_Excerpted records:_
◇ ◇ ◇ ◇ ◇
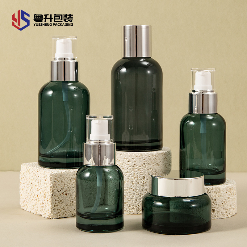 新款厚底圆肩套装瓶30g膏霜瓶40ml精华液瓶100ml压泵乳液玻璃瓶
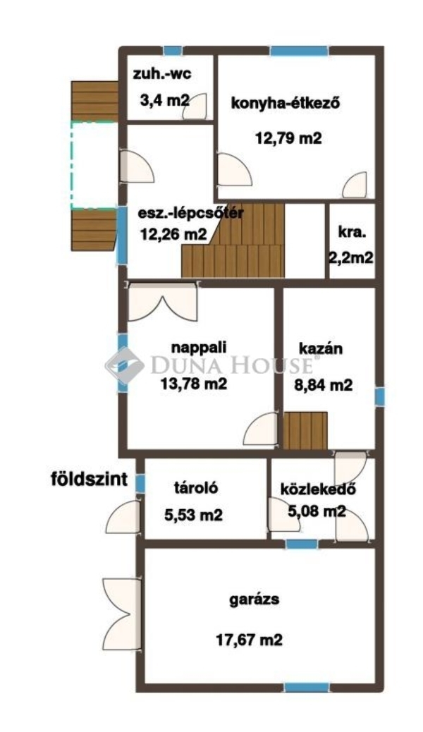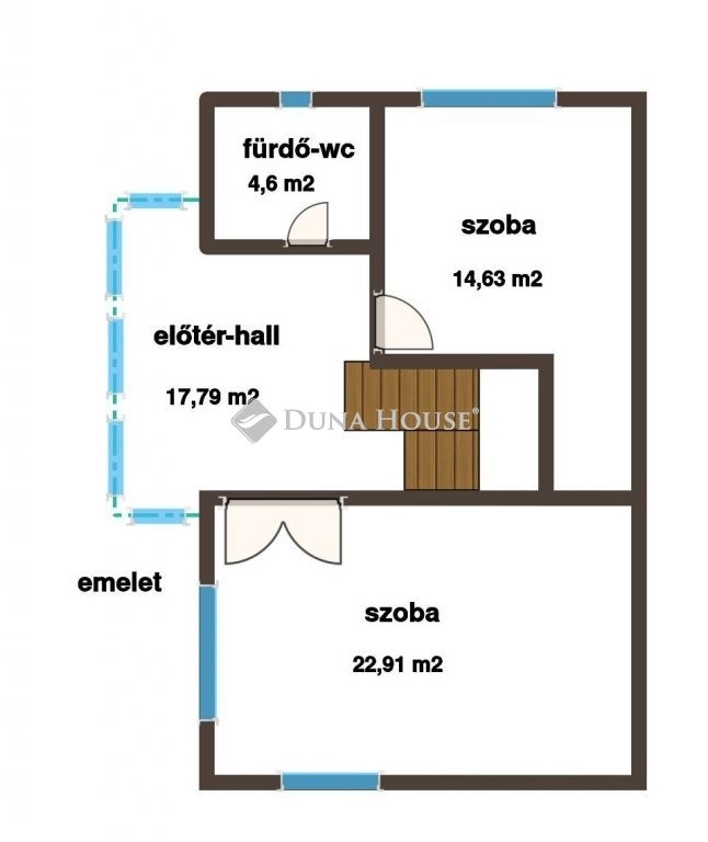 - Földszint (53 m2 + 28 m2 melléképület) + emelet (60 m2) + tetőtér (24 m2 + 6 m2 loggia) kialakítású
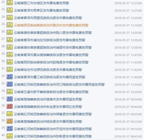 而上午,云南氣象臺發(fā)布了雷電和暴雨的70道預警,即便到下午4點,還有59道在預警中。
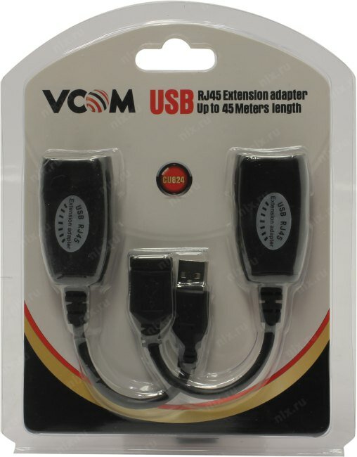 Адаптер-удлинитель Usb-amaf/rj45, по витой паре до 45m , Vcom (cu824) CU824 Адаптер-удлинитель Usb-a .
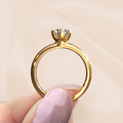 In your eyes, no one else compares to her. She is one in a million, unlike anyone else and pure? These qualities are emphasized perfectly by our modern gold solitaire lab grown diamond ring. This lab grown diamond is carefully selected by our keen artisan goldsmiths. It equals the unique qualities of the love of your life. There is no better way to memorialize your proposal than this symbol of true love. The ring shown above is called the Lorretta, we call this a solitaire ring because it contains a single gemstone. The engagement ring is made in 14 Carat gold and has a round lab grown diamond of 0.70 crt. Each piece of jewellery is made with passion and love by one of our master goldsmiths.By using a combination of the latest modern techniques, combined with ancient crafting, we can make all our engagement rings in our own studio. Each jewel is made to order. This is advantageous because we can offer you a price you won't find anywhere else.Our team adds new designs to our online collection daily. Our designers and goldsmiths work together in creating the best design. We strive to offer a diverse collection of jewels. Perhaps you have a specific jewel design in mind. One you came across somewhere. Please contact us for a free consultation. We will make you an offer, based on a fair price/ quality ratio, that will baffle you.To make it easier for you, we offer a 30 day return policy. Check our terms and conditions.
◇ ◇ ◇ ◇ ◇
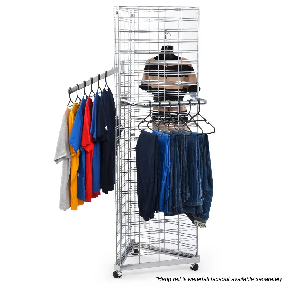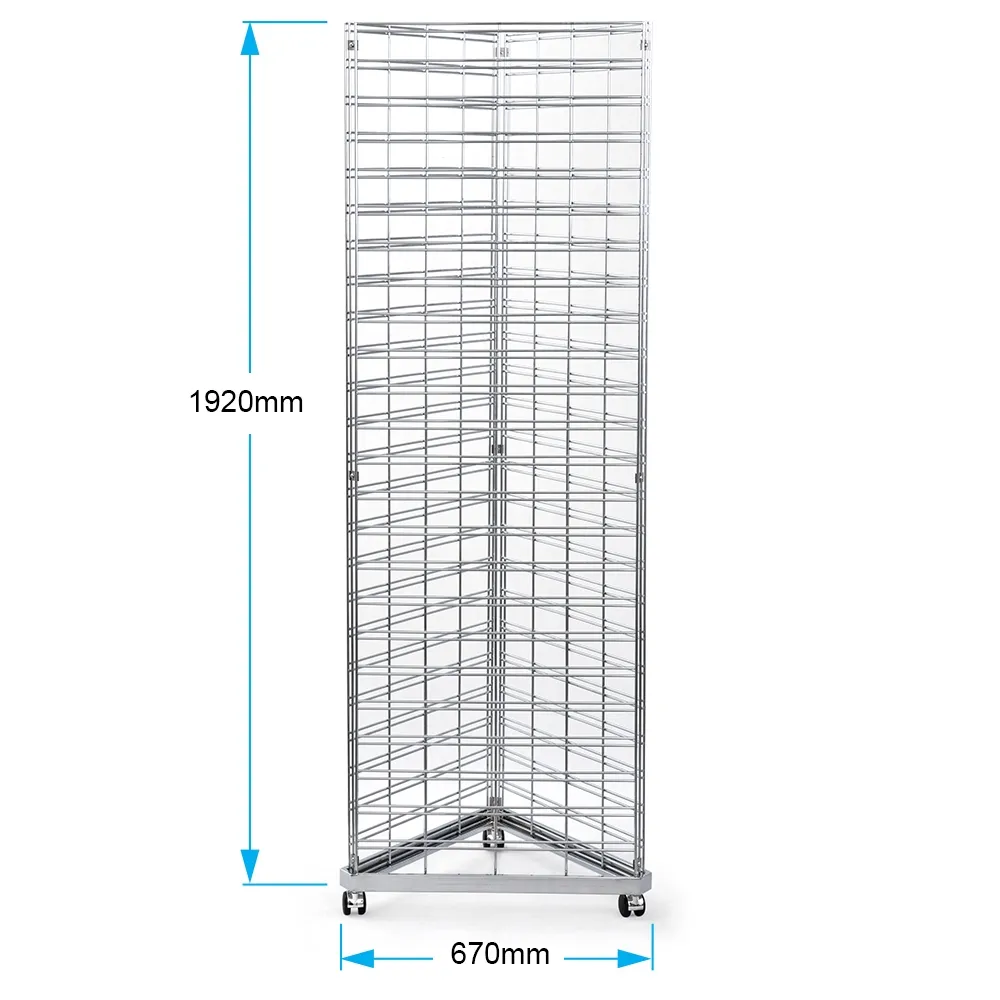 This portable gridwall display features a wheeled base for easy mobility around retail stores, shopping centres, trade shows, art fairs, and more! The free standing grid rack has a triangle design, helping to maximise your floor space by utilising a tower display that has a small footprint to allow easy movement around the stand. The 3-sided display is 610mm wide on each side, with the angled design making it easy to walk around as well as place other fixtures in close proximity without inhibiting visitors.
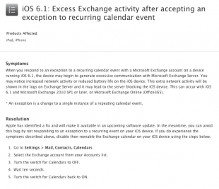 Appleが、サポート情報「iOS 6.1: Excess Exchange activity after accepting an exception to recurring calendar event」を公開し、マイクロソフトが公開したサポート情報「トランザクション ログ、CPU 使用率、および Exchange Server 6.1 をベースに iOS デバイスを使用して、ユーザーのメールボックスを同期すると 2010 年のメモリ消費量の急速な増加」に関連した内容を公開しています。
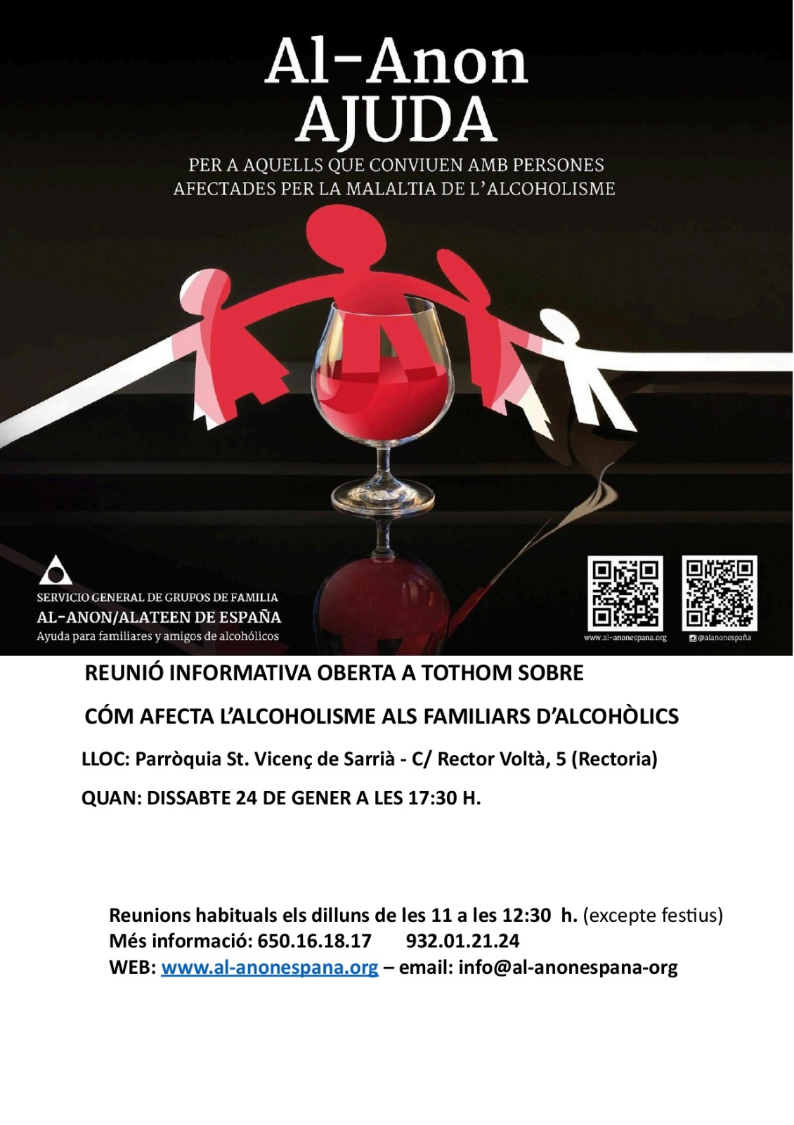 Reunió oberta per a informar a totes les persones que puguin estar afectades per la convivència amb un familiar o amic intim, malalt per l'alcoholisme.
◇ ◇ ◇ ◇ ◇
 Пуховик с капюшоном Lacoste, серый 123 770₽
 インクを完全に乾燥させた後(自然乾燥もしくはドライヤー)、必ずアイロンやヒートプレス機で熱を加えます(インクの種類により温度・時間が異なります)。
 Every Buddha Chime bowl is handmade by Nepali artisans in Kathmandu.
◇ ◇ ◇ ◇ ◇
_What is needed:_ Your copy should hold the lines from the one with "- Földszint (53" up to and including the one with "Адаптер-удлинитель Usb-amaf/rj45, по", exactly as in the data above, and no pictures.

_Task solution:_
 - Földszint (53 m2 + 28 m2 melléképület) + emelet (60 m2) + tetőtér (24 m2 + 6 m2 loggia) kialakítású
 而上午,云南氣象臺發(fā)布了雷電和暴雨的70道預警,即便到下午4點,還有59道在預警中。
 Адаптер-удлинитель Usb-amaf/rj45, по витой паре до 45m , Vcom (cu824) CU824 Адаптер-удлинитель Usb-a .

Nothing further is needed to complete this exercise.